We conducted several secondary analyses. We evaluated the association between the aMED, hPDI, DASH and AHEI-2010 and incident type 2 diabetes by quartiles of adherence. The same Cox-proportional-hazard regression models employed in the main analyses were used. Also, we evaluated the association between each item of the PHDI (per 2-point increment) and type 2 diabetes, as in Model 4, also calculating the PHDI score minus the item being evaluated, to assess whether a specific food component was driving the main association. To examine the potential effect modification of other variables, we conducted stratified analysis and assessed potential interactions defined as the product of the PHDI by such variables. Particularly, for sex, BMI ( < 25, 25–29.9, ≥  30 kg/m2), deprivation index (at or below the median, above the median), education (university or non-university), smoking status (never, former and current), alcohol intake (abstinent, moderate drinker, and heavy drinker), vitamin and mineral use, physical activity (at or below the median, above the median), history of diabetes, HTN, and cholesterol-lowering medication, as potential modifiers.

Lastly, in sensitivity analyses we repeated the main analyses: (1) including participants with CVD at recruitment (n = 117,709); (2) only including participants with at least three dietary assessments (n = 69,783); (3) after excluding participants who developed type 2 diabetes during the initial two years of follow-up to mitigate potential reverse causality (n = 111,728); (4) Due to limited information on unsaturated oils, the added fat component of the PHDI was estimated using the ratio of total unsaturated to saturated fats, aligned with the reference diet. This was achieved as proposed in the article by Knuppel et al. (where compliance with this item meant a ratio of 0.8 for unsaturated: saturated fat intake) [35].
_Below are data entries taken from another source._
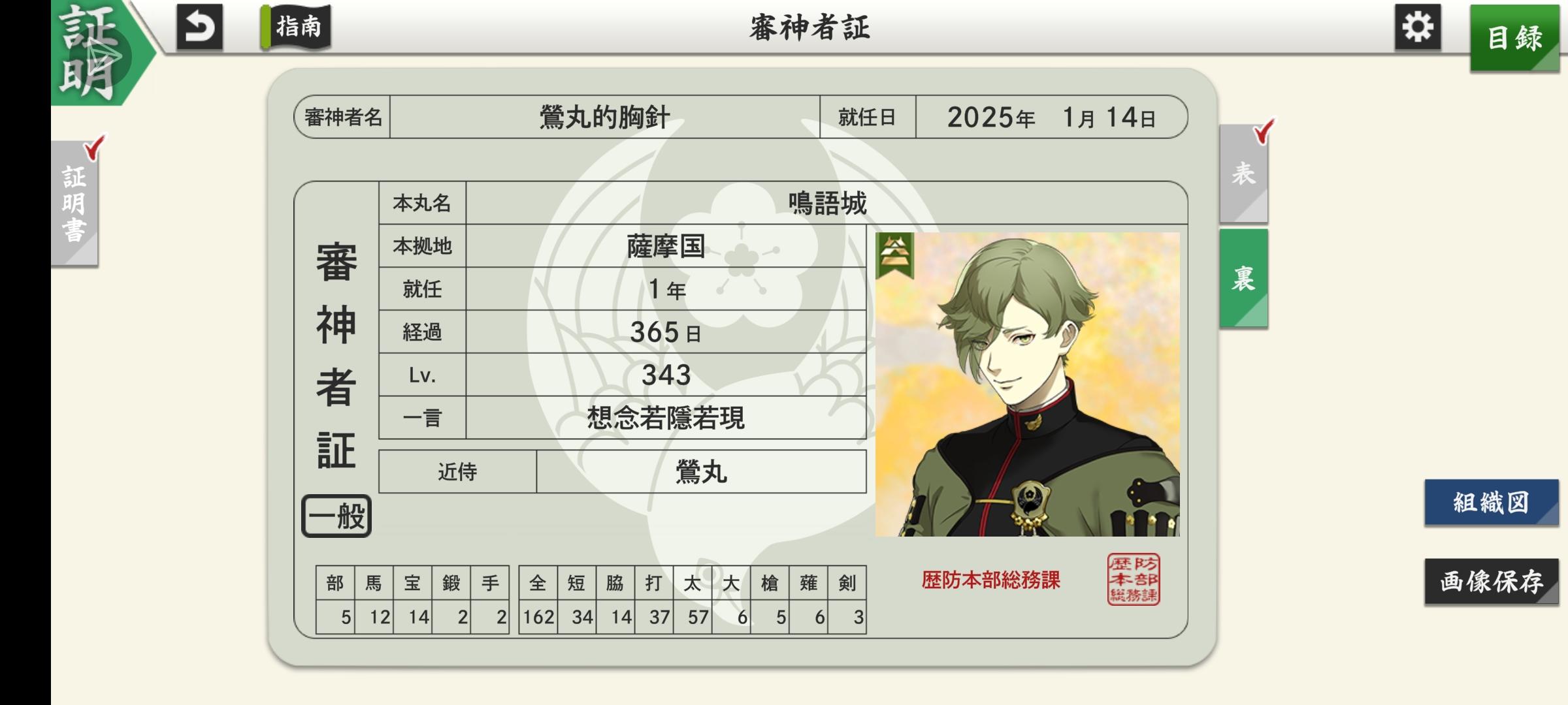 这里是武审薬師丸丹桜。一般的地方都是自称丹桜,自设没有好好搞过,不过也算是简单的有一个。曾经是国服相模国38楼的审神,现在虽然国服还在带着,但是主要已经把本丸转到日服了,日服开荒时间不久,用上了我毕生所肝总算是稳定下来,希望国服的刀刀们可以快点跟随我到达我们新的家中。日服我依旧是相模国,这个丹桜不怎么喜欢变动,不管是人际关系还是习惯,只要可以不变动的东西,就不要随便变动了。自设定和补充设定
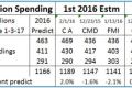 The table included here shows the predicted total 2016 spending compared to 1st 2016 estimates and current 2016 estimates provided from my data = CA (Construction Analytics) and from CMD (ConstructConnect) and FMI.
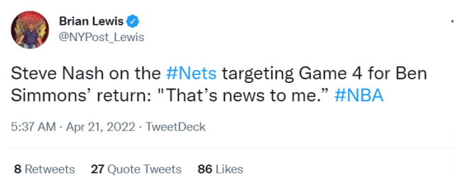 纳什明确表态,要到西蒙斯自己感觉可以出战了,他们才会安排他上场。毕竟西蒙斯已经缺席很长时间了,他们不想操之过急。G2赛前,当 他被问及西蒙斯目标G4复出的时候,纳什调侃道:“这对我来说都是一条新闻。我不认为我们会把目标定在某场比赛……我们中的任何人都不会说这(西蒙斯复出)是迫在眉睫的事。”乌度卡自信绿军队员都熟悉本西:“他的复出不是问题。”
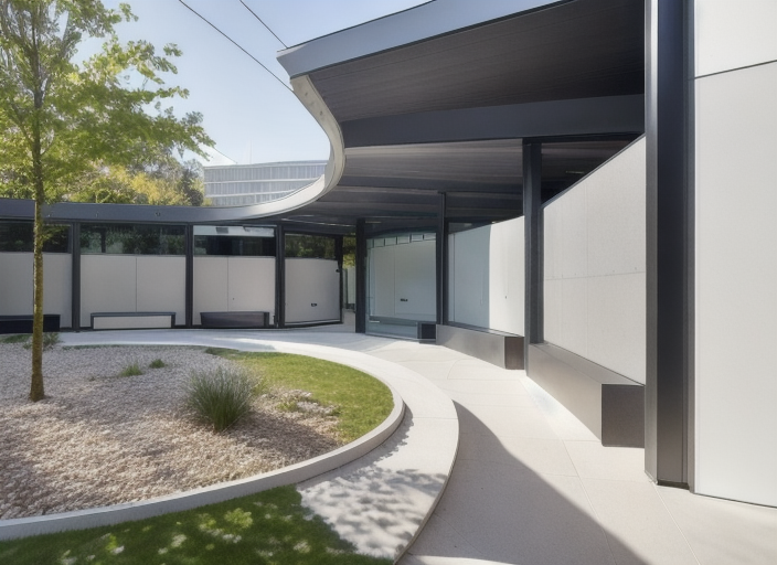 sustainable design night shot please add land scape swiming pool palmtrees cars people architecture
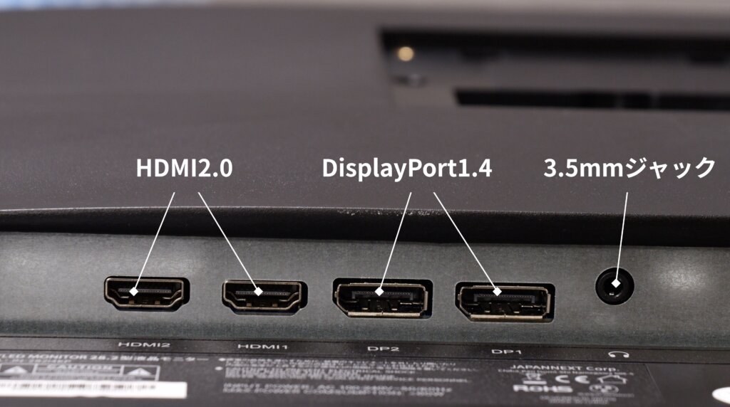 DisplayPort 1.4が2つ、HDMI 2.0が2つ、そして3.5mmジャックを搭載しています。

The proportional hazards assumption was tested by visually inspecting plots of the survival probability by PHDI quartiles (which were rather parallel, providing no apparent evidence of violation of the assumption) and with the Schoenfeld residuals method (p < 0.001). We should note, however, that statistical tests for proportional hazards may not be necessary, as the hazard ratios are expected to vary over long follow-up periods [36].

Analyses were conducted using Stata version 17 (Stata-Corp LLC, College Station, Texas). All p-values were two-sided, and statistical significance was set at p < 0.05.